▶ **Provided data**

===============

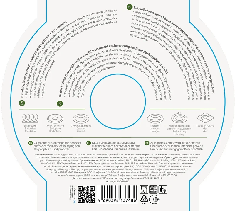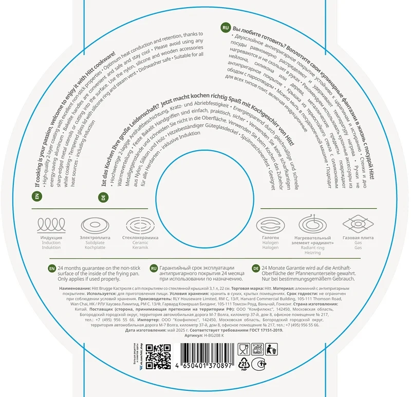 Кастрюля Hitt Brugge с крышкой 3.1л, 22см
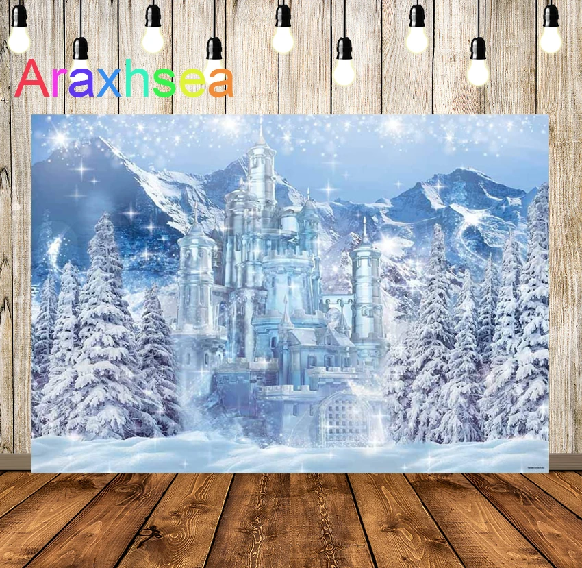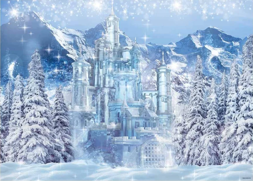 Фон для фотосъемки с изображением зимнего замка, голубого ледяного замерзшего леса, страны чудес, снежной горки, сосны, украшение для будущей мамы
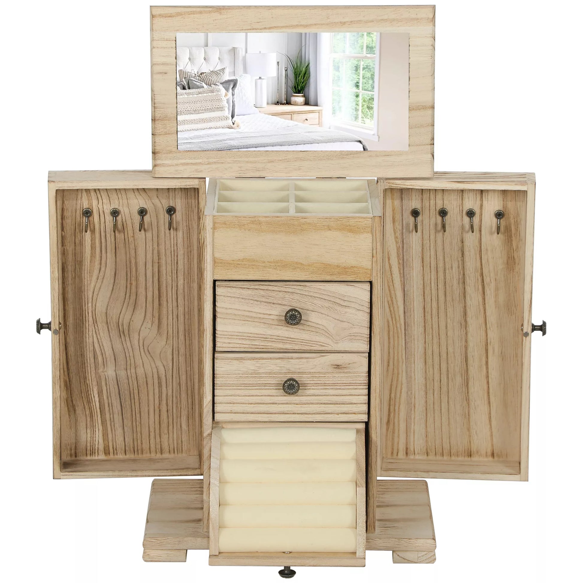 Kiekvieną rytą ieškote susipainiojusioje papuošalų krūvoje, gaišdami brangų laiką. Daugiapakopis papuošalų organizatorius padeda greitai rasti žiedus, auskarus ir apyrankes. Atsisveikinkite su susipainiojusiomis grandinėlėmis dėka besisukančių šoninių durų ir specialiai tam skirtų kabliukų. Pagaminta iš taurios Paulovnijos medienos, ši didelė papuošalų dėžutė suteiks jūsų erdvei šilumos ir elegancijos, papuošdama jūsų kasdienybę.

===============

▶ **Your instructions**
The required output is each line above restated verbatim, with all images omitted.

▶ **Written solution**
 Кастрюля Hitt Brugge с крышкой 3.1л, 22см
 Фон для фотосъемки с изображением зимнего замка, голубого ледяного замерзшего леса, страны чудес, снежной горки, сосны, украшение для будущей мамы
 Kiekvieną rytą ieškote susipainiojusioje papuošalų krūvoje, gaišdami brangų laiką. Daugiapakopis papuošalų organizatorius padeda greitai rasti žiedus, auskarus ir apyrankes. Atsisveikinkite su susipainiojusiomis grandinėlėmis dėka besisukančių šoninių durų ir specialiai tam skirtų kabliukų. Pagaminta iš taurios Paulovnijos medienos, ši didelė papuošalų dėžutė suteiks jūsų erdvei šilumos ir elegancijos, papuošdama jūsų kasdienybę.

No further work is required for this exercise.